--- GOAL OF THE EXERCISE ---
Leave every picture out, then reproduce the rest of the listing exactly.

----------------

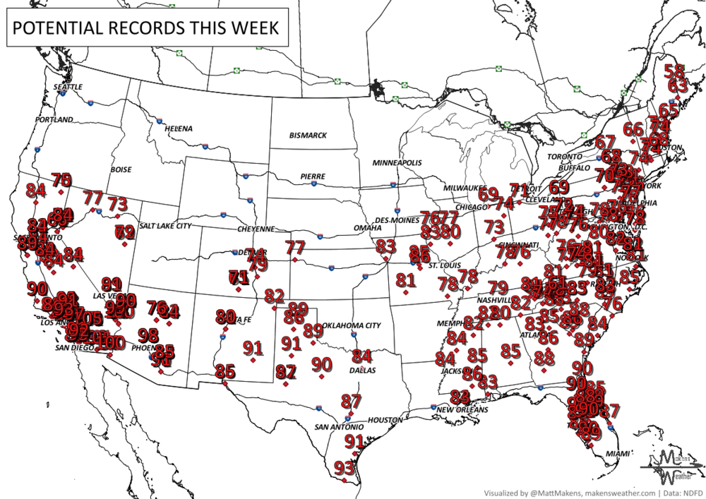 RECORDS MADE TO BE BROKEN, DAILY HIGHS (RED) | DAILY LOWS (BLUE):
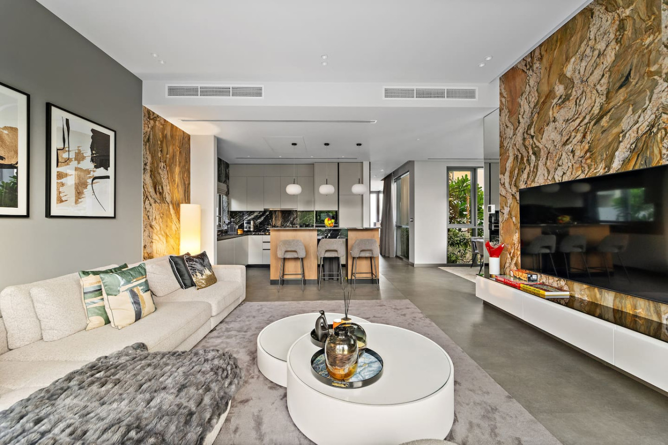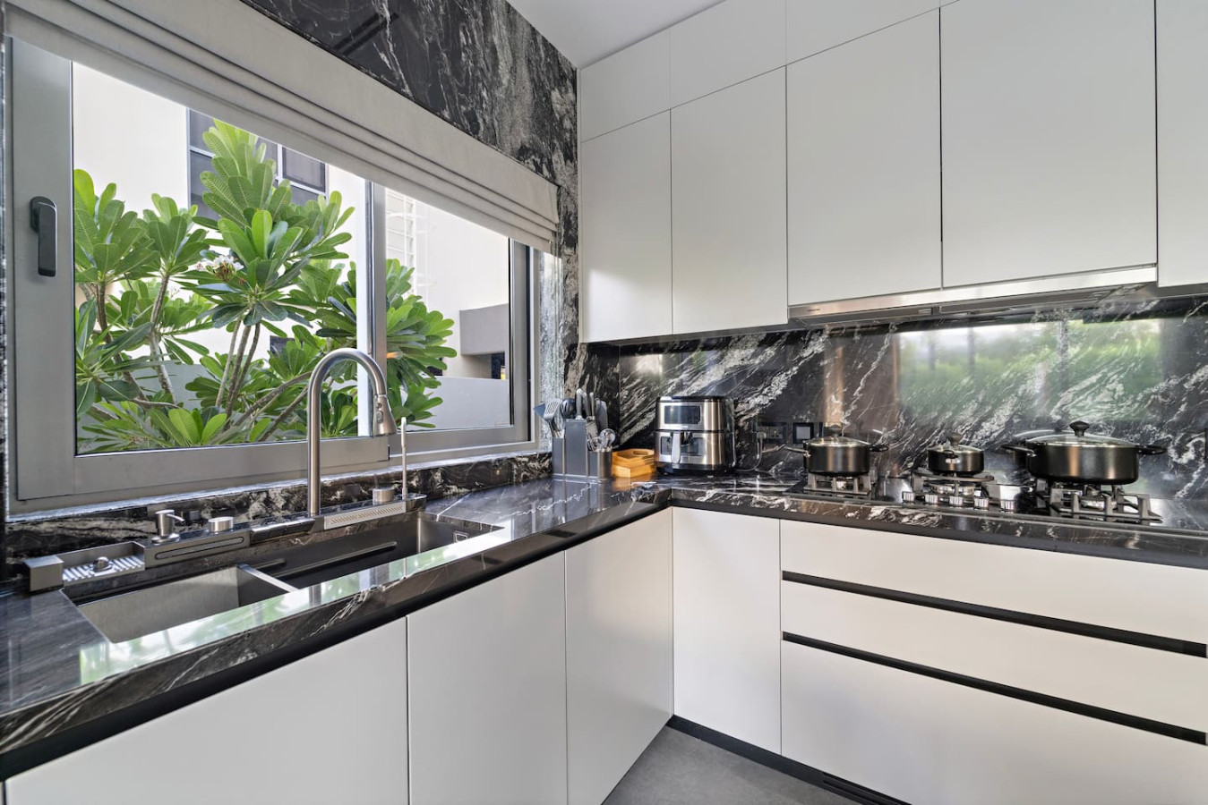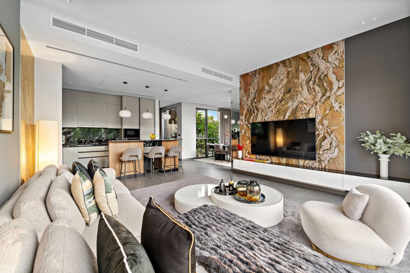 It is fully equipped with stainless-steel cooking appliances that make it suitable for preparing any meal, whether a simple breakfast, quick snack or a three-course gourmet dinner. Spacious quartz countertops and a central kitchen island provide plenty of room to work your MasterChef magic.
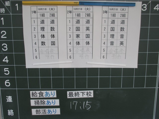 10月21日(火)の時程は、50分の6校時、給食あり、掃除あり、15:55に帰りの会が終了、部活動後17:15に下校完了となっています。
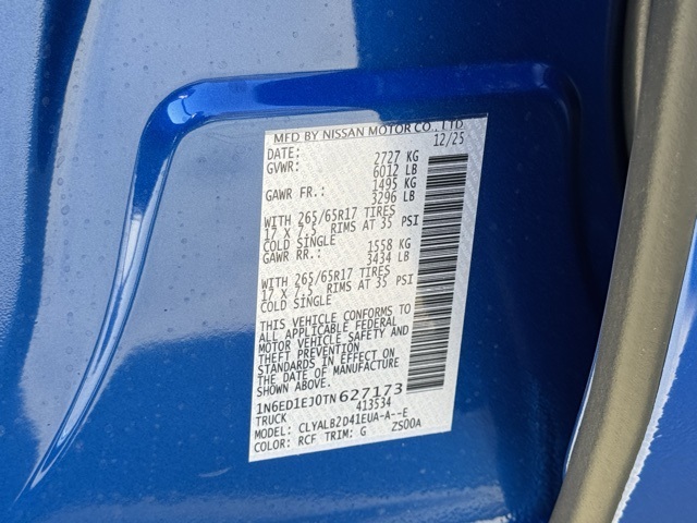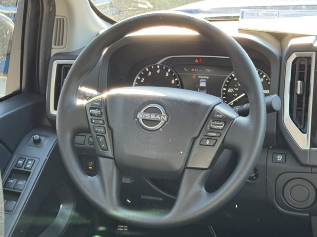 Tow Package, 17" Alloy Wheels, 3.692 Axle Ratio, 4-Wheel Disc Brakes, 6 Speakers, ABS brakes, Air Conditioning, Alloy wheels, AM/FM radio: SiriusXM, Anti-whiplash front head restraints, Auto High-beam Headlights, Blind Spot Warning, Brake assist, Bumpers: body-color, Carpeted Floor Mats, Delay-off headlights, Driver door bin, Driver vanity mirror, Drop-In Bed Liner & Bumper Step, Dual front impact airbags, Dual front side impact airbags, Electronic Stability Control, Emergency communication system, Front anti-roll bar, Front Bucket Seats, Front Center Armrest, Front reading lights, Front wheel independent suspension, Fully automatic headlights, Illuminated entry, Knee airbag, Low tire pressure warning, Occupant sensing airbag, Overhead airbag, Overhead console, Panic alarm, Passenger door bin, Passenger vanity mirror, Power door mirrors, Power driver seat, Power steering, Power windows, Premium Cloth Seat Trim, Premium Paint, Radio data system, Radio: SXM/AM/FM/AUX/USB Audio System, Rear anti-roll bar, Rear seat center armrest, Rear side impact airbag, Rear step bumper, Remote keyless entry, Security system, Speed control, Speed-sensing steering, Splash Guards, Split folding rear seat, Steering wheel mounted audio controls, Tachometer, Telescoping steering wheel, Tilt steering wheel, Tow/Haul Mode Switch, Traction control, Trip computer, Variably intermittent wipers, Voltmeter, and Wireless Apple CarPlay/Wireless Android Auto. Price includes: $2500 - Nissan Customer Cash. Exp. 03/02/2026 Price includes dealer added accessories.
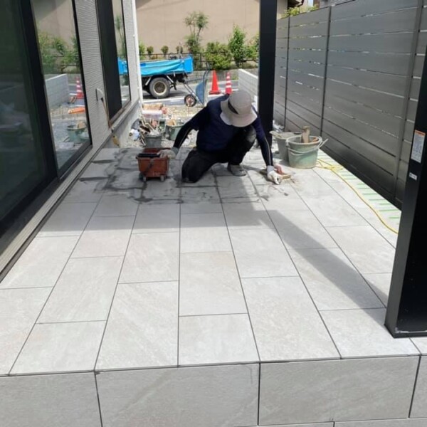 タイルデッキが貼り終わりました。 目地材を込めてデッキの完了です。 あとは土間コンクリート、植栽で完了です。 お天気と相談しなが...
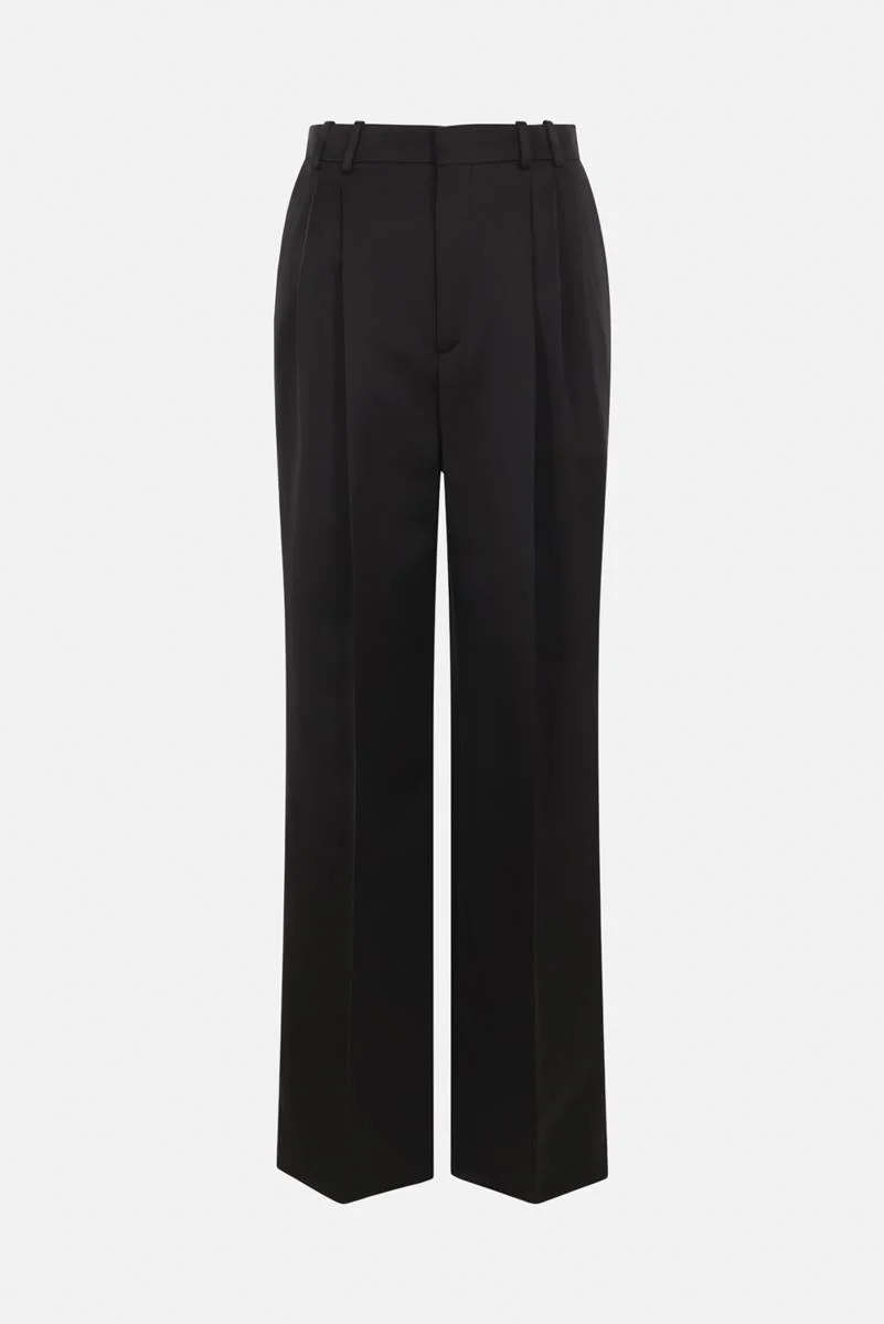 Saint Laurent's straight-leg trousers crafted in black silk satin. Featuring hook / button / zip closure, belt loops, multiple pockets, front double pleat, central pressed crease and unlined interior. Gender: Women Material: T SILK 100%;FP COTTON 97%;FP ELASTAN 3% Color: Black Made in: IT Product ID: 803599Y013G1000 *Import tax/duty will be calculated at checkout (If applicable)
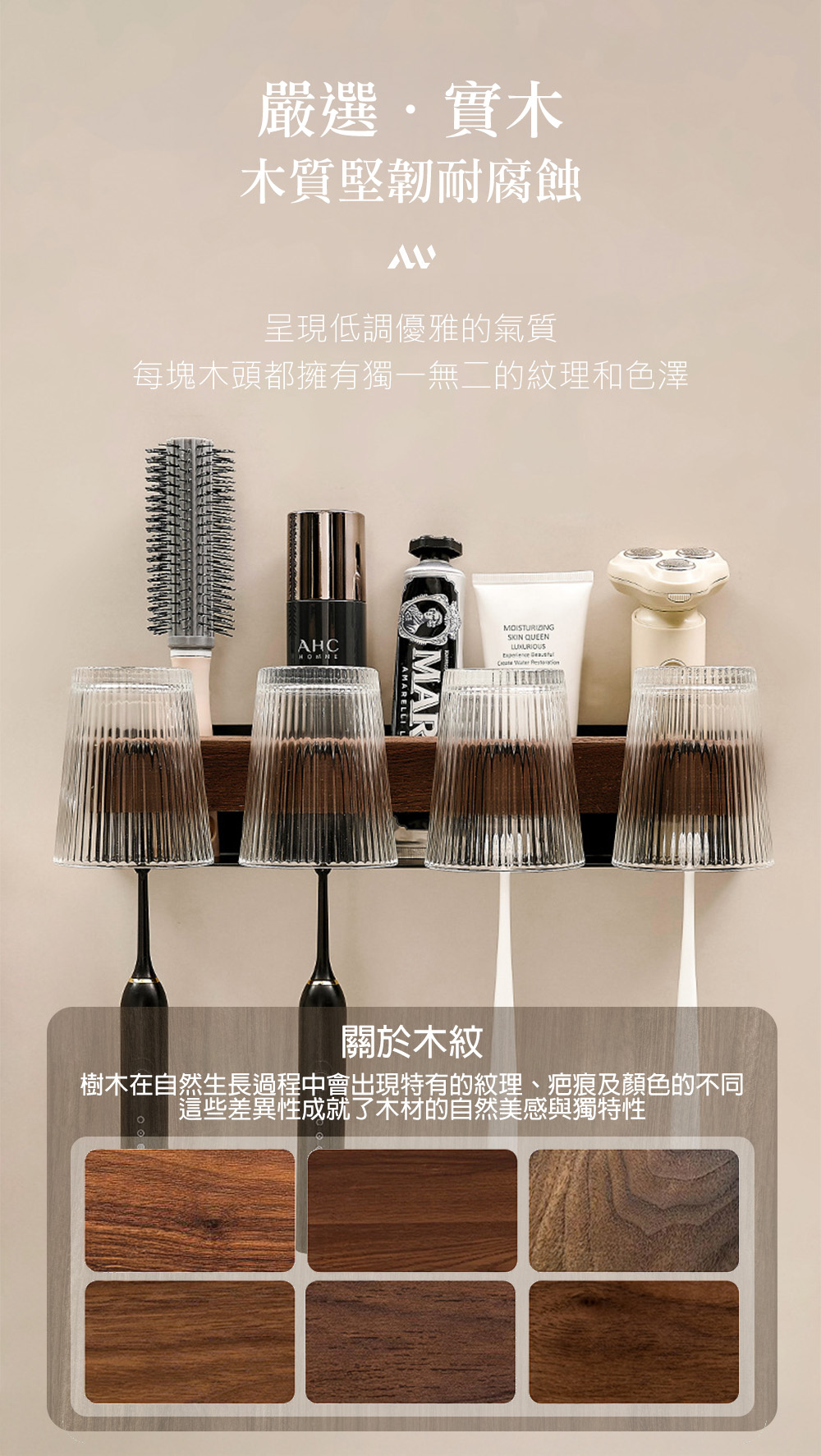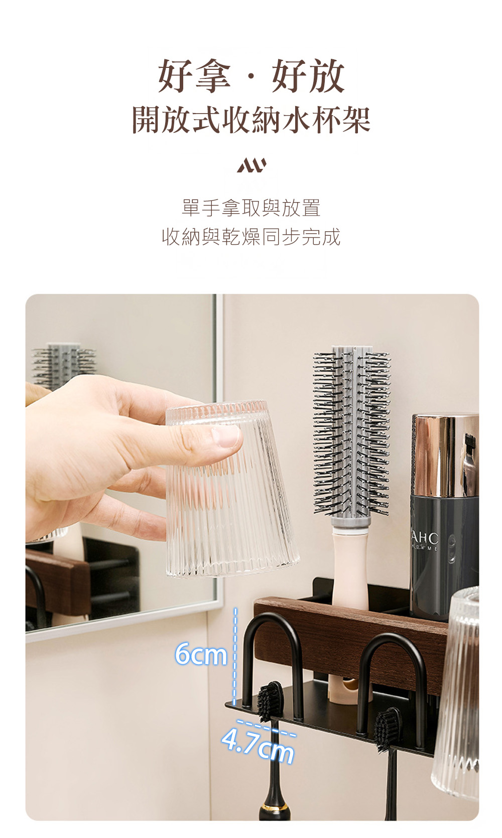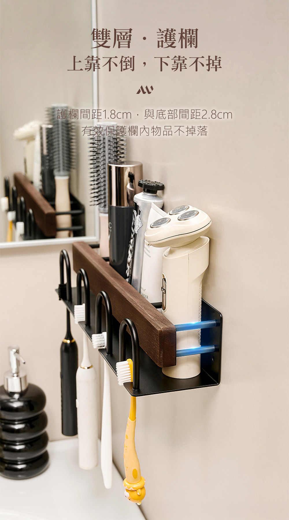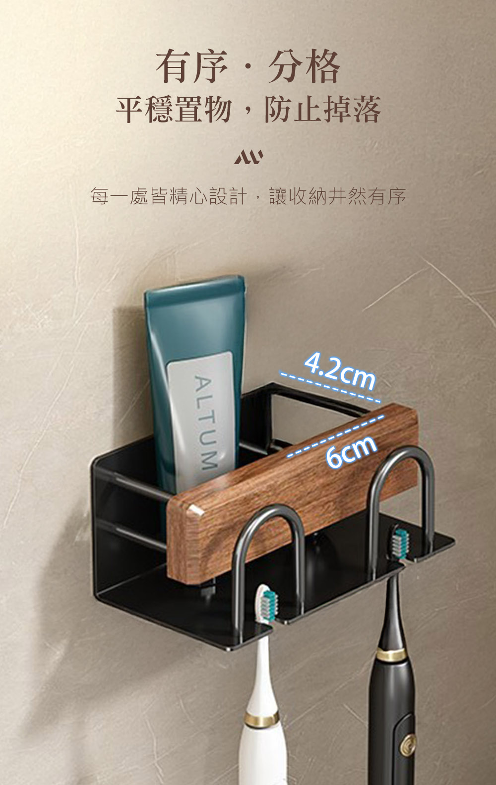 這款牙刷架融合了天然胡桃木與耐用的太空鋁

----------------

--- SOLUTION FOR THIS PROBLEM ---
 RECORDS MADE TO BE BROKEN, DAILY HIGHS (RED) | DAILY LOWS (BLUE):
 It is fully equipped with stainless-steel cooking appliances that make it suitable for preparing any meal, whether a simple breakfast, quick snack or a three-course gourmet dinner. Spacious quartz countertops and a central kitchen island provide plenty of room to work your MasterChef magic.
 10月21日(火)の時程は、50分の6校時、給食あり、掃除あり、15:55に帰りの会が終了、部活動後17:15に下校完了となっています。
 Tow Package, 17" Alloy Wheels, 3.692 Axle Ratio, 4-Wheel Disc Brakes, 6 Speakers, ABS brakes, Air Conditioning, Alloy wheels, AM/FM radio: SiriusXM, Anti-whiplash front head restraints, Auto High-beam Headlights, Blind Spot Warning, Brake assist, Bumpers: body-color, Carpeted Floor Mats, Delay-off headlights, Driver door bin, Driver vanity mirror, Drop-In Bed Liner & Bumper Step, Dual front impact airbags, Dual front side impact airbags, Electronic Stability Control, Emergency communication system, Front anti-roll bar, Front Bucket Seats, Front Center Armrest, Front reading lights, Front wheel independent suspension, Fully automatic headlights, Illuminated entry, Knee airbag, Low tire pressure warning, Occupant sensing airbag, Overhead airbag, Overhead console, Panic alarm, Passenger door bin, Passenger vanity mirror, Power door mirrors, Power driver seat, Power steering, Power windows, Premium Cloth Seat Trim, Premium Paint, Radio data system, Radio: SXM/AM/FM/AUX/USB Audio System, Rear anti-roll bar, Rear seat center armrest, Rear side impact airbag, Rear step bumper, Remote keyless entry, Security system, Speed control, Speed-sensing steering, Splash Guards, Split folding rear seat, Steering wheel mounted audio controls, Tachometer, Telescoping steering wheel, Tilt steering wheel, Tow/Haul Mode Switch, Traction control, Trip computer, Variably intermittent wipers, Voltmeter, and Wireless Apple CarPlay/Wireless Android Auto. Price includes: $2500 - Nissan Customer Cash. Exp. 03/02/2026 Price includes dealer added accessories.
 タイルデッキが貼り終わりました。 目地材を込めてデッキの完了です。 あとは土間コンクリート、植栽で完了です。 お天気と相談しなが...
 Saint Laurent's straight-leg trousers crafted in black silk satin. Featuring hook / button / zip closure, belt loops, multiple pockets, front double pleat, central pressed crease and unlined interior. Gender: Women Material: T SILK 100%;FP COTTON 97%;FP ELASTAN 3% Color: Black Made in: IT Product ID: 803599Y013G1000 *Import tax/duty will be calculated at checkout (If applicable)
 這款牙刷架融合了天然胡桃木與耐用的太空鋁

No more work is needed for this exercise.